▶ GIVEN INFORMATION:
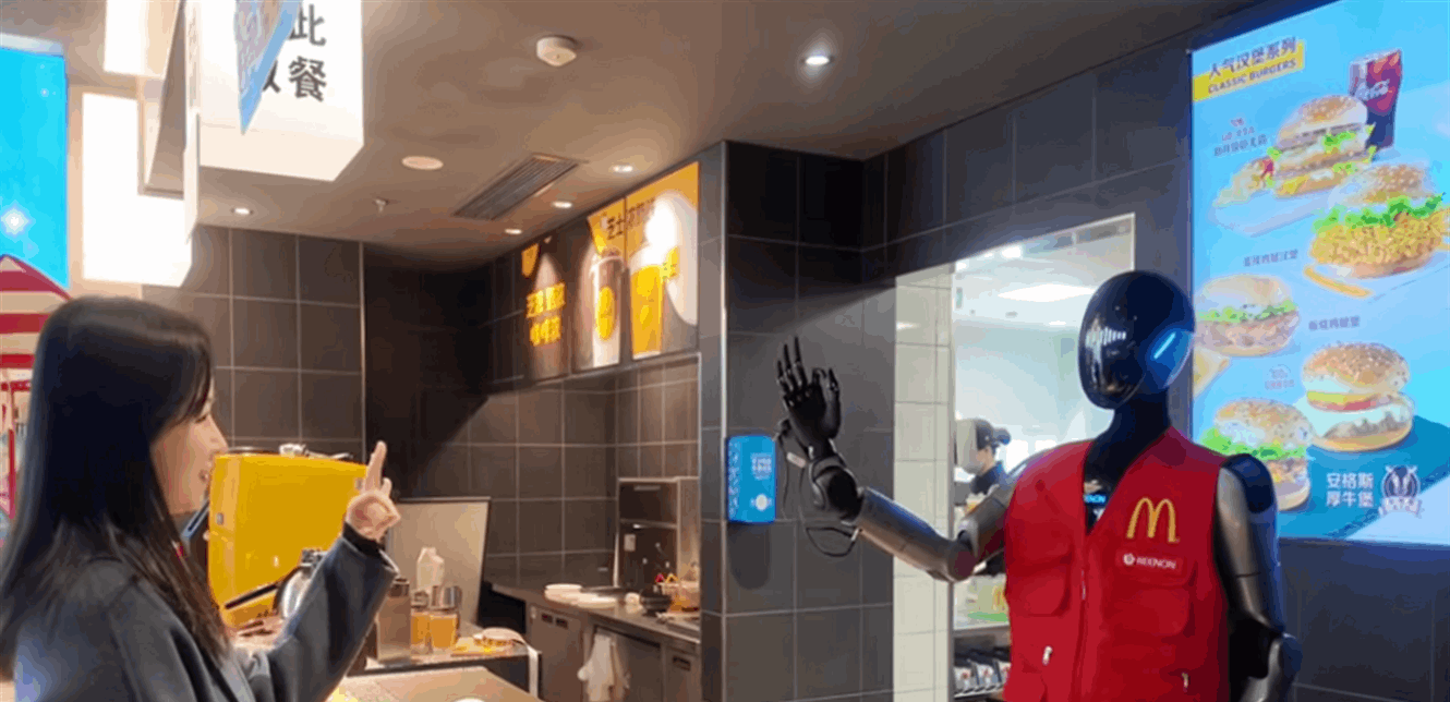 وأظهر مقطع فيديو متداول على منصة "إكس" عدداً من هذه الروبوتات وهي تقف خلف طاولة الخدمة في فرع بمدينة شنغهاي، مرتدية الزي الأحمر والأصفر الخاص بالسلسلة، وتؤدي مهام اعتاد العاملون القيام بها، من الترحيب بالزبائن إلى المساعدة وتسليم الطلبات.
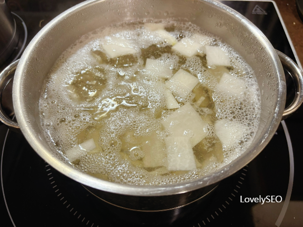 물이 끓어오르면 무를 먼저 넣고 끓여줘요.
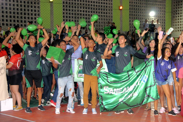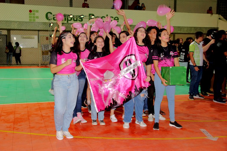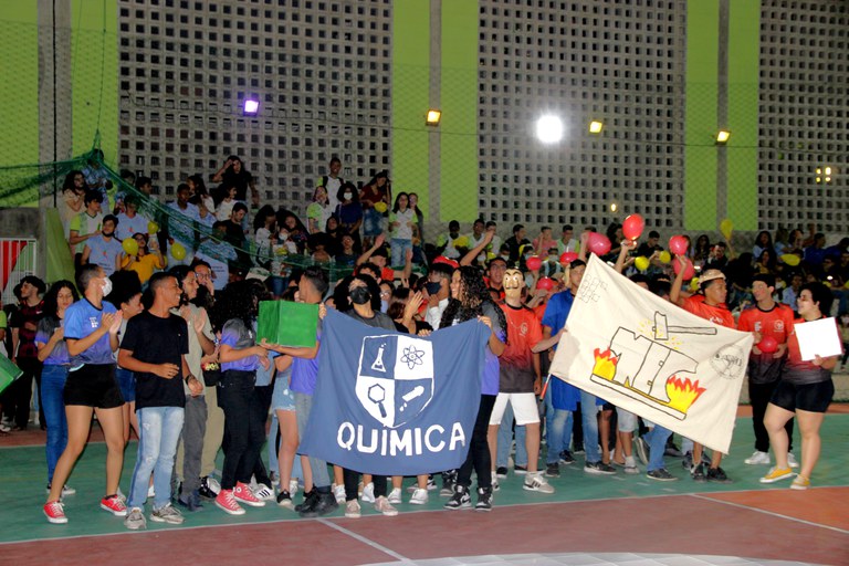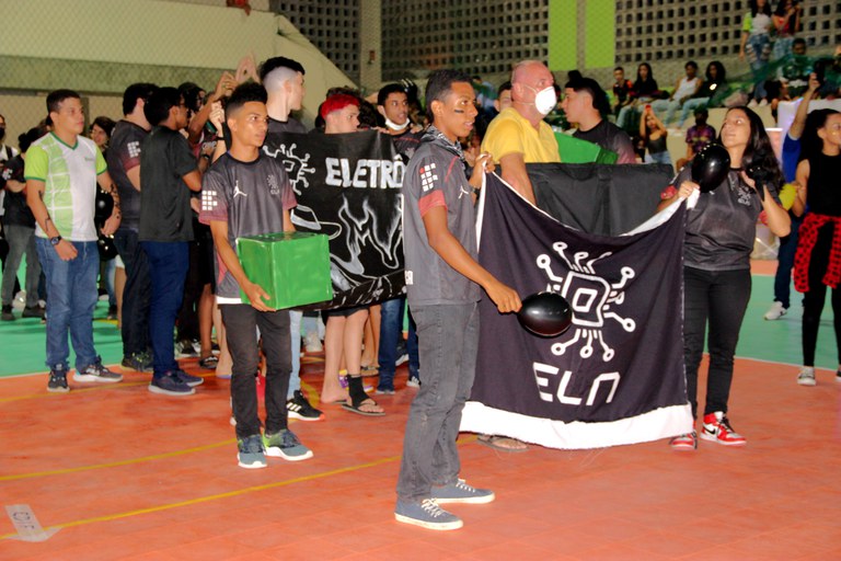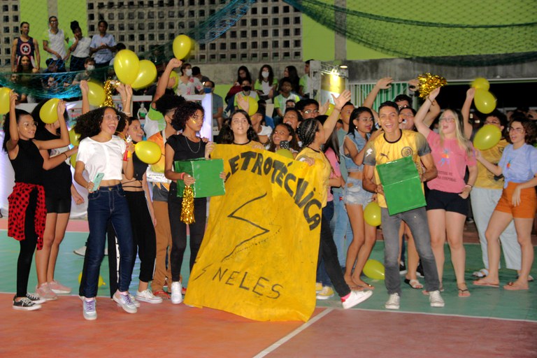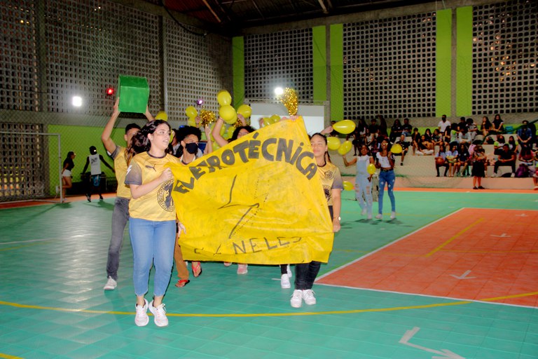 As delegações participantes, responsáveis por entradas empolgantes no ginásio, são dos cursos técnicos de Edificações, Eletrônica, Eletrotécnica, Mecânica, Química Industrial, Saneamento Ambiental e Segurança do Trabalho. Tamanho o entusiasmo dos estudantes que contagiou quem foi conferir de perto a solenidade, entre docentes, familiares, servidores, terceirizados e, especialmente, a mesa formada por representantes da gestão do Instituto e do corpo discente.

▶ REQUIREMENT: Word for word, give again the lines from the line holding "물이 끓어오르면 무를 먼저 넣고 끓여줘요." through the last line of the material, both included; pictures are not part of the copy.

▶ EXERCISE SOLUTION:
 물이 끓어오르면 무를 먼저 넣고 끓여줘요.
 As delegações participantes, responsáveis por entradas empolgantes no ginásio, são dos cursos técnicos de Edificações, Eletrônica, Eletrotécnica, Mecânica, Química Industrial, Saneamento Ambiental e Segurança do Trabalho. Tamanho o entusiasmo dos estudantes que contagiou quem foi conferir de perto a solenidade, entre docentes, familiares, servidores, terceirizados e, especialmente, a mesa formada por representantes da gestão do Instituto e do corpo discente.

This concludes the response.